--- Task details ---
In the listing below, find the line containing "Type or paste" and the line containing "Gelli Printed Mixed", then copy exactly everything from the first through the second, except the pictures.

--- Input material ---
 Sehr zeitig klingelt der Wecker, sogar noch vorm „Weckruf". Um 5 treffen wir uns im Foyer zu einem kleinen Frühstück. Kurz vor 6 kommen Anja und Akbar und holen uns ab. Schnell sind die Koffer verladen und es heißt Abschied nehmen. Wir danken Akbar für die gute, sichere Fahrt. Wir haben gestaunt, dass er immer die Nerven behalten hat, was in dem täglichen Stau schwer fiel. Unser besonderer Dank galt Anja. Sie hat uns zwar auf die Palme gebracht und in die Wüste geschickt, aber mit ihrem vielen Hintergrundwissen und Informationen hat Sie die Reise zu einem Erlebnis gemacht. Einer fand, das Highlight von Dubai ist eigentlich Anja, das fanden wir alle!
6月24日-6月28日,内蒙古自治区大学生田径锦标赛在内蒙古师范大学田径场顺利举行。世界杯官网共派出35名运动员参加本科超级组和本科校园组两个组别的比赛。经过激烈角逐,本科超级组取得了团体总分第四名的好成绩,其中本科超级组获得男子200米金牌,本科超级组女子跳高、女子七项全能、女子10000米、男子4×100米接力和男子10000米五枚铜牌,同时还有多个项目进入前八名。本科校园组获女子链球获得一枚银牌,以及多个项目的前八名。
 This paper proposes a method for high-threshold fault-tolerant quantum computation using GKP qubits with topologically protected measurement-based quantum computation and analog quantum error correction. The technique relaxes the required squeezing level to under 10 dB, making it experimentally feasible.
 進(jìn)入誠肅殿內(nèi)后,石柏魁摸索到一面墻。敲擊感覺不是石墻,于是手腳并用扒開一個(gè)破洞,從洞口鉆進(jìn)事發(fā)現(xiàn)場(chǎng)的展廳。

...

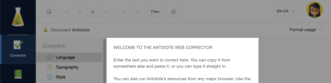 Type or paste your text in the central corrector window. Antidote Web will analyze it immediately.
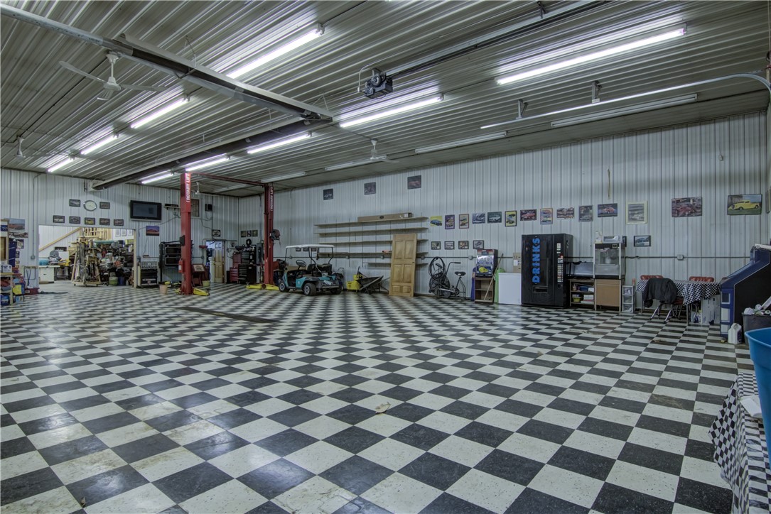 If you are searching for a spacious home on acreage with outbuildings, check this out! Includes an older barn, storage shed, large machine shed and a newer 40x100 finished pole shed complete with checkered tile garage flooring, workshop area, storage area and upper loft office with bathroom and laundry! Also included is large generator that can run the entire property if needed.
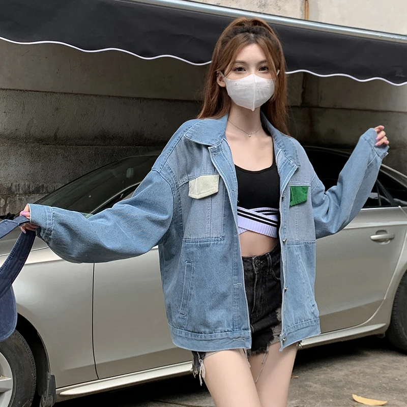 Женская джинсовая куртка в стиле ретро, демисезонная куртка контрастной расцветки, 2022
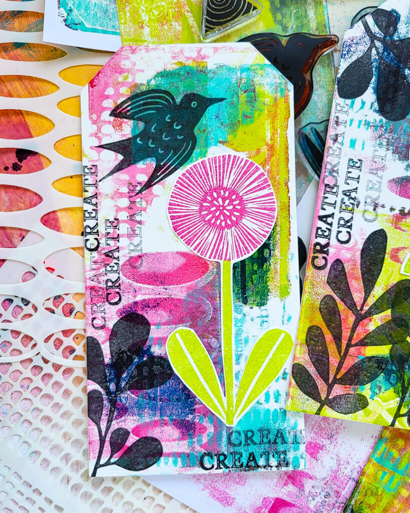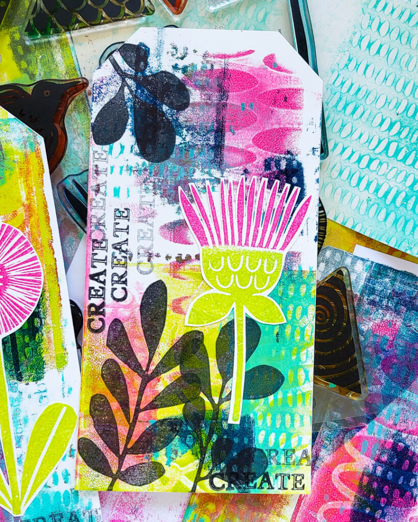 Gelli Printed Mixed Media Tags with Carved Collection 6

---

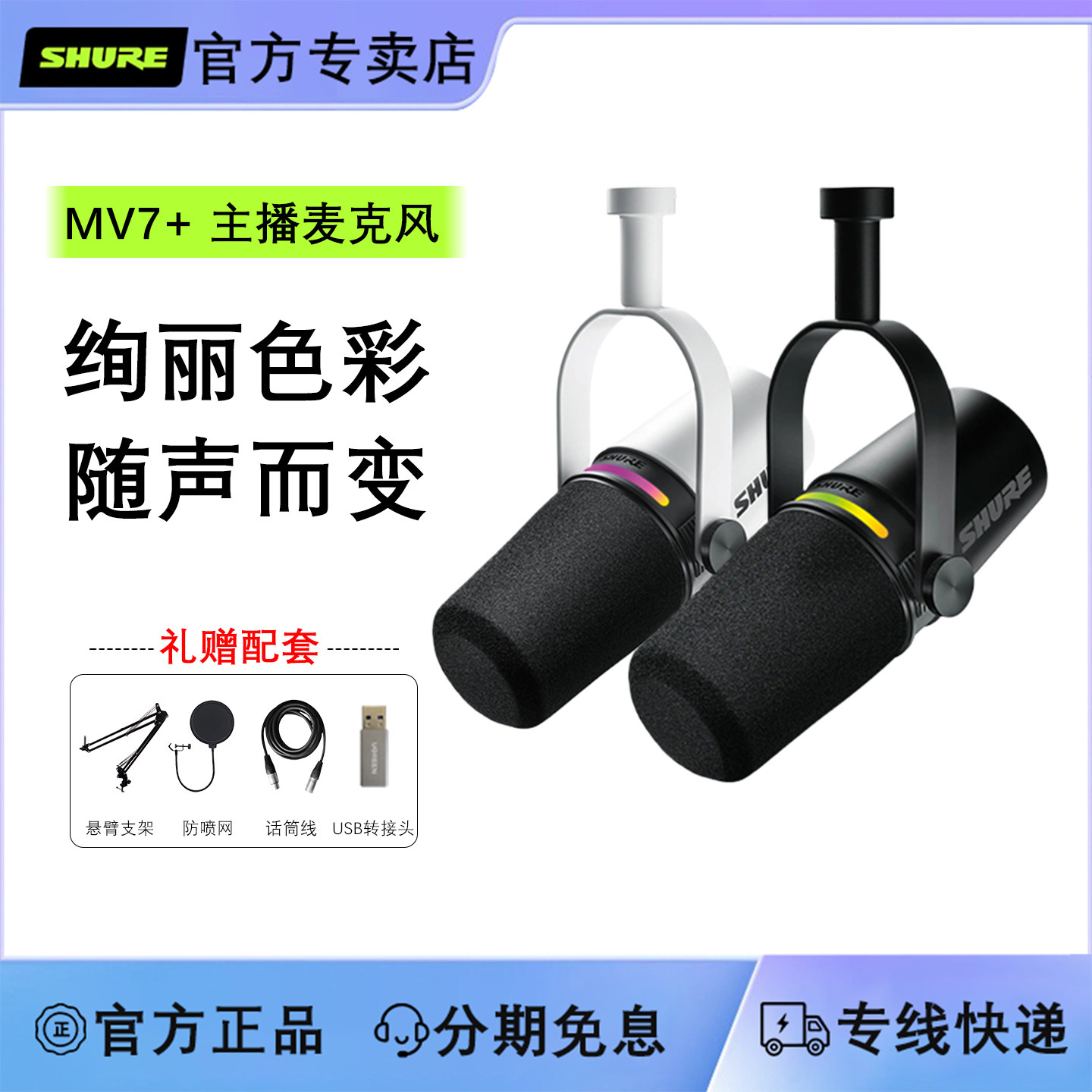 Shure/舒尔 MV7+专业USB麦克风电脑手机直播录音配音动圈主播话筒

--- Solution for this problem ---
 Type or paste your text in the central corrector window. Antidote Web will analyze it immediately.
 If you are searching for a spacious home on acreage with outbuildings, check this out! Includes an older barn, storage shed, large machine shed and a newer 40x100 finished pole shed complete with checkered tile garage flooring, workshop area, storage area and upper loft office with bathroom and laundry! Also included is large generator that can run the entire property if needed.
 Женская джинсовая куртка в стиле ретро, демисезонная куртка контрастной расцветки, 2022
 Gelli Printed Mixed Media Tags with Carved Collection 6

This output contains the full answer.